Don’t put all your eggs in one basket. Consider combining FX trading with investments in Taiwanese stocks or bonds. Even with currency fluctuations, a diversified portfolio can better control overall risk. Keep a close eye on the actions of Taiwan’s central bank and developments in U.S.-Taiwan trade, as these will directly influence future exchange rate movements.
The Truth Behind the Decade of Fluctuations: The Fed Is the Ultimate Decider of the TWD’s Appreciation
The past decade of exchange rate history reveals an important truth: The main determinant of the TWD’s appreciation or depreciation is actually in the hands of the Federal Reserve, not Taiwan’s central bank.
Post-2008 Financial Crisis and Three Rounds of Quantitative Easing
After the 2008 crisis, the Fed launched three rounds of quantitative easing (QE). In December 2013, the Fed announced plans to taper the third round of QE, leading to rising U.S. interest rates and capital flowing back to the U.S., causing the USD to appreciate against the TWD from the 2013 lows to around 33.
Policy Reversals from 2015 to 2018
Between 2015 and mid-2018, following China’s stock market crash and European debt crises, the U.S. slowed its QT and continued QE, strengthening the TWD.
2018 Rate Hikes and the COVID-19 Shock
After 2018, the U.S. raised interest rates, aiming to maintain high yields and shrink its balance sheet. But in 2020, with the pandemic, the Fed expanded its balance sheet from $4.5 trillion to $9 trillion and cut rates to zero. Under this ultra-loose policy, the USD lost value, and the TWD soared to 27 per USD.
Post-2022 Inflation Fight
Since 2022, U.S. inflation spiraled out of control, prompting the Fed to rapidly hike interest rates, causing the USD to surge and the exchange rate to stay high. It wasn’t until September 2024, when the Fed ended its rate hike cycle and started cutting, that the USD/NTD rate fell back toward 32.
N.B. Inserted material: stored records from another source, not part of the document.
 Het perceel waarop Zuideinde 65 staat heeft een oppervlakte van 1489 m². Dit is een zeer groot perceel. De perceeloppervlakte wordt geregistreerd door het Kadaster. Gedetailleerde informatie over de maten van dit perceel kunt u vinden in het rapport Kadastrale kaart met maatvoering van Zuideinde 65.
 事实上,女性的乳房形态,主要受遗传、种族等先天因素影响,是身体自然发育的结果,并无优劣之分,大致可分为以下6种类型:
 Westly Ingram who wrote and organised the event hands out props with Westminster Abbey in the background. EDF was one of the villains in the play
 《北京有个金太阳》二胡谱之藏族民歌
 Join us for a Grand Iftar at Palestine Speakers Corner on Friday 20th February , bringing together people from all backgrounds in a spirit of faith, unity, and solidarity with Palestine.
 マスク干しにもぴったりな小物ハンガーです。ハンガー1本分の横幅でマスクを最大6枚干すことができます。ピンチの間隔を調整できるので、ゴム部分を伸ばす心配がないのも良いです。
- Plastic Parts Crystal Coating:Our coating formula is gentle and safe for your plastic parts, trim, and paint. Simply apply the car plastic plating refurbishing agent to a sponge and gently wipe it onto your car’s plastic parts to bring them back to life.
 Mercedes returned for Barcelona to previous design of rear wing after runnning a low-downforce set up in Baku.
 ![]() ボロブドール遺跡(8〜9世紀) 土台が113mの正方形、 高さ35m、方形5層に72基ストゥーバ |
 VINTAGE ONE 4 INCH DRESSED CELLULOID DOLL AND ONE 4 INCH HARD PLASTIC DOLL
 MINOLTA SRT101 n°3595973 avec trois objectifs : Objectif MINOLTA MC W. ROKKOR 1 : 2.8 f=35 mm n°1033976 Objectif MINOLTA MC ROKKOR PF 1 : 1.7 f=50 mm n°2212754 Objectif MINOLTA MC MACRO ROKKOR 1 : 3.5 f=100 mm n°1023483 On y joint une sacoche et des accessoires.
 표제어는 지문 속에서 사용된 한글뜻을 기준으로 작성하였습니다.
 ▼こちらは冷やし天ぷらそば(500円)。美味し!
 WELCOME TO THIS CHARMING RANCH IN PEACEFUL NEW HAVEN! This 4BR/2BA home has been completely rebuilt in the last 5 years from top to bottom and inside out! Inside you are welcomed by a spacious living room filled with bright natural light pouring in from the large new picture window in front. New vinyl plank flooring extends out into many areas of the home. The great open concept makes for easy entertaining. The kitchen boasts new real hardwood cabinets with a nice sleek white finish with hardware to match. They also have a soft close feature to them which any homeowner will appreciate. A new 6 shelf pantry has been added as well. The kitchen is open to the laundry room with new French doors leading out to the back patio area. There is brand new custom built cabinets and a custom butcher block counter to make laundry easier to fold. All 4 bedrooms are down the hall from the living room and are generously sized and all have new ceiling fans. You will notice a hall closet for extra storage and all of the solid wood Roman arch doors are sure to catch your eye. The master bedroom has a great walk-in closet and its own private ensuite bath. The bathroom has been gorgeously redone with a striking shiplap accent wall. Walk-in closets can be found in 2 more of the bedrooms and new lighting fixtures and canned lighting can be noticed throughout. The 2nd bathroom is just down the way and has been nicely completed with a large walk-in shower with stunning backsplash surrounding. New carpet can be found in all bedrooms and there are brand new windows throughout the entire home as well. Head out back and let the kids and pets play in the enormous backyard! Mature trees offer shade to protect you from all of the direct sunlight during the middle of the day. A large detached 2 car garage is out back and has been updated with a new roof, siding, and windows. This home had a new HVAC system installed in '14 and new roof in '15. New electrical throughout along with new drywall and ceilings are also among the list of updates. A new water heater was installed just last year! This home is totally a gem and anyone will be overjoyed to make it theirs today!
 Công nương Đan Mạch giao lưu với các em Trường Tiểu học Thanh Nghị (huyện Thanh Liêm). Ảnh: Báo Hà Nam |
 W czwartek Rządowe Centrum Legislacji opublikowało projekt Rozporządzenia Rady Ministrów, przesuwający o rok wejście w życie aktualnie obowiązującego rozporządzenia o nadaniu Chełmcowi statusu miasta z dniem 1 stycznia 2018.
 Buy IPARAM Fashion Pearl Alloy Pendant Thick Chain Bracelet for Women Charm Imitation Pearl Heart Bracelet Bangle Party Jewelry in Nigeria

This history clearly shows that the TWD’s rate movements are mainly driven by the Fed’s interest rate policies, with Taiwan’s own interest rate changes playing a minor role. Most traders have a mental “rule”: if USD is below 30, it’s cheap enough to buy; above 32, it’s time to sell. For long-term FX investments, this reference point is valuable.
The current logic of buying USD with the appreciating TWD is based on this—anticipating that the Fed may enter a rate-cutting cycle, capturing the window of relative strength of the TWD might be more advantageous than waiting for some future moment.